_Your objective_.
Please transcribe exactly the lines from the line holding "Stilren och effektiv" through the end of the data below, and skip any pictures.
** Opening Raw data block **
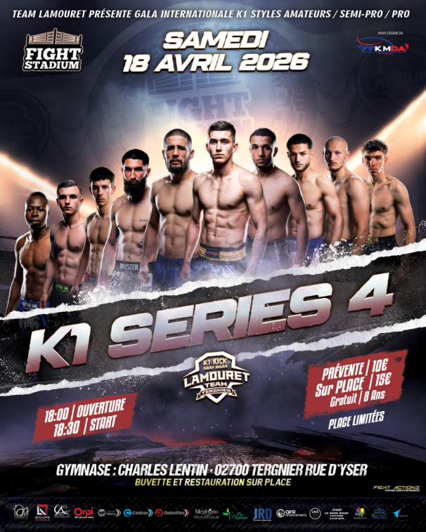 Fight stadium K1 Series 4 à Tergnier le samedi 18 avril à 18h au Gymnase Charles Lentin. Ouverture à 18h et début à 18h30. Restauration et buvette sur place. Tarifs: Prévente 10€. Sur place, 15€. Gratuit jusqu'à 8 ans. Place limitées.
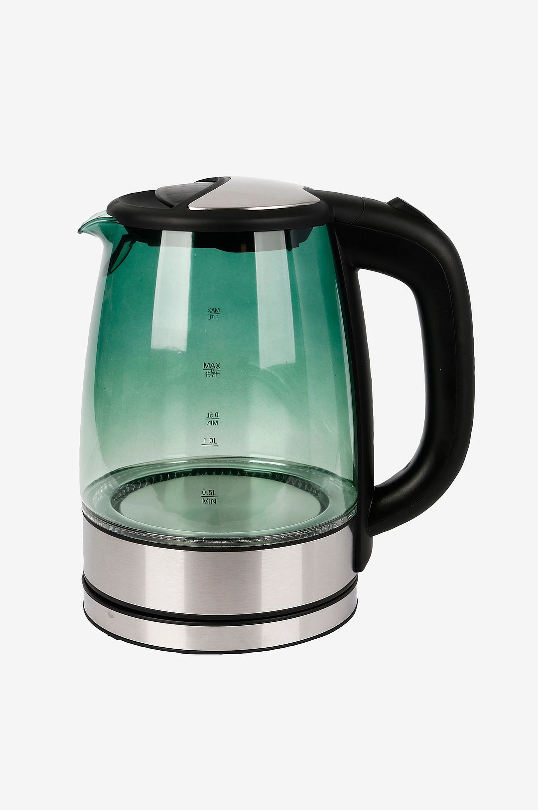 Stilren och effektiv vattenkokare med en läcker ledlampa i kannan. Denna eleganta och snabba vattenkokare i trendig design har en kapacitet på upp till 1,7 liter. Med en effekt på hela 2200 watt kokar den upp ditt vatten mycket snabbt, samtidigt som du har en läcker belysning i kannan. designen är trendig med en kanna i grönt glas och snygga detaljer. Vattenkokaren är praktiskt roterbar i 360 grader, har tydliga vattennivåindikeringar, en på- och avknapp med ljusfunktion och automatisk avstängning. Dessutom finns ett ledljus i kannan för en fin effekt. en mycket snabb vattenkokare med en attraktiv design som passar bra i alla kök. effekt 2200 w indikator för vattennivå LED-belysning i kannan 360 graders sladdlös kanna automatisk avstängning på/av-knapp dolt värmeelement strix®-kontroll Bpa-fri volym 1,7 liter
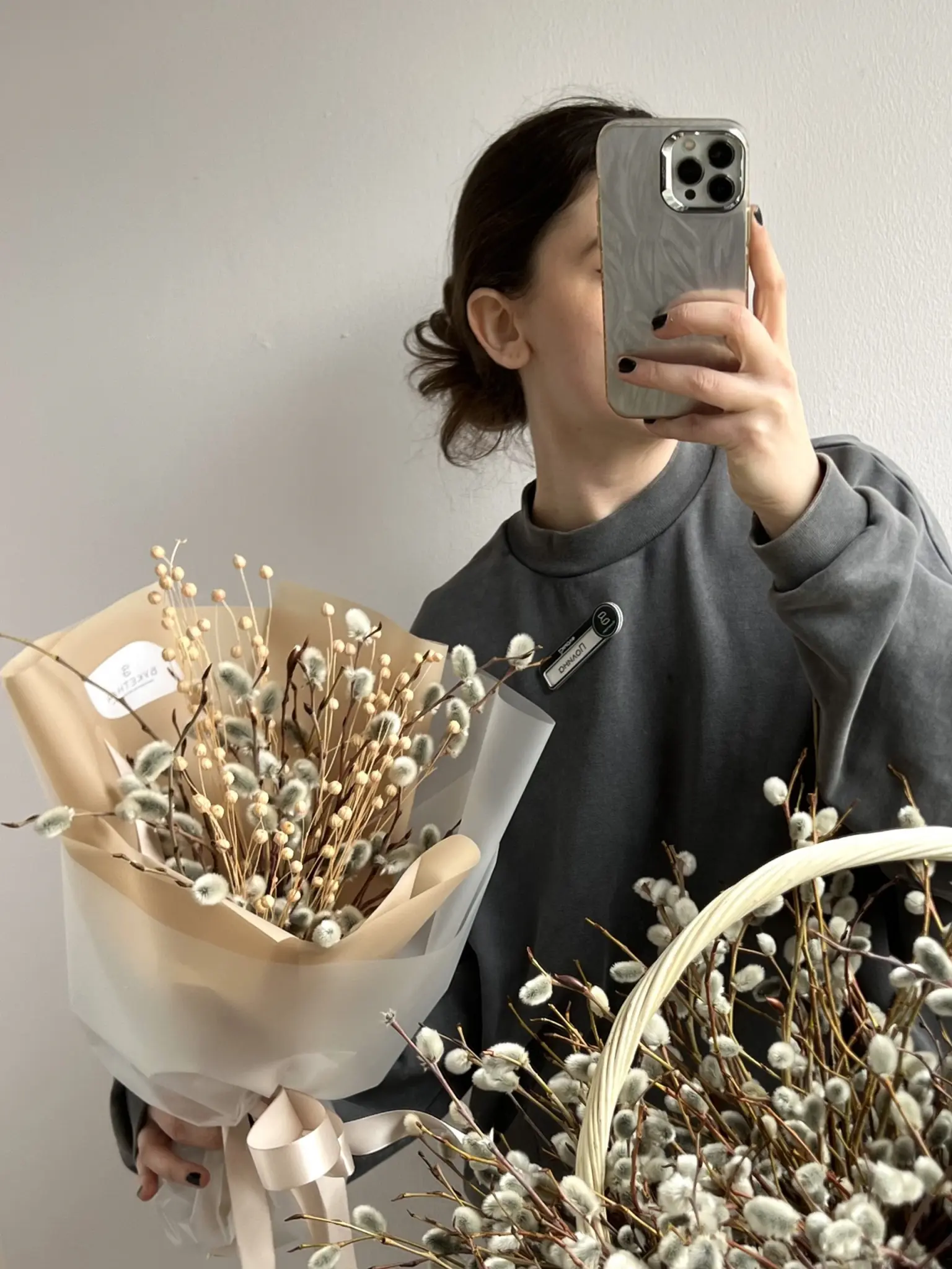 Букет из вербы с сухоцветом льна — лёгкая и аккуратная композиция в природном стиле.
** Closing Raw data block **
_Answer_.
 Stilren och effektiv vattenkokare med en läcker ledlampa i kannan. Denna eleganta och snabba vattenkokare i trendig design har en kapacitet på upp till 1,7 liter. Med en effekt på hela 2200 watt kokar den upp ditt vatten mycket snabbt, samtidigt som du har en läcker belysning i kannan. designen är trendig med en kanna i grönt glas och snygga detaljer. Vattenkokaren är praktiskt roterbar i 360 grader, har tydliga vattennivåindikeringar, en på- och avknapp med ljusfunktion och automatisk avstängning. Dessutom finns ett ledljus i kannan för en fin effekt. en mycket snabb vattenkokare med en attraktiv design som passar bra i alla kök. effekt 2200 w indikator för vattennivå LED-belysning i kannan 360 graders sladdlös kanna automatisk avstängning på/av-knapp dolt värmeelement strix®-kontroll Bpa-fri volym 1,7 liter
 Букет из вербы с сухоцветом льна — лёгкая и аккуратная композиция в природном стиле.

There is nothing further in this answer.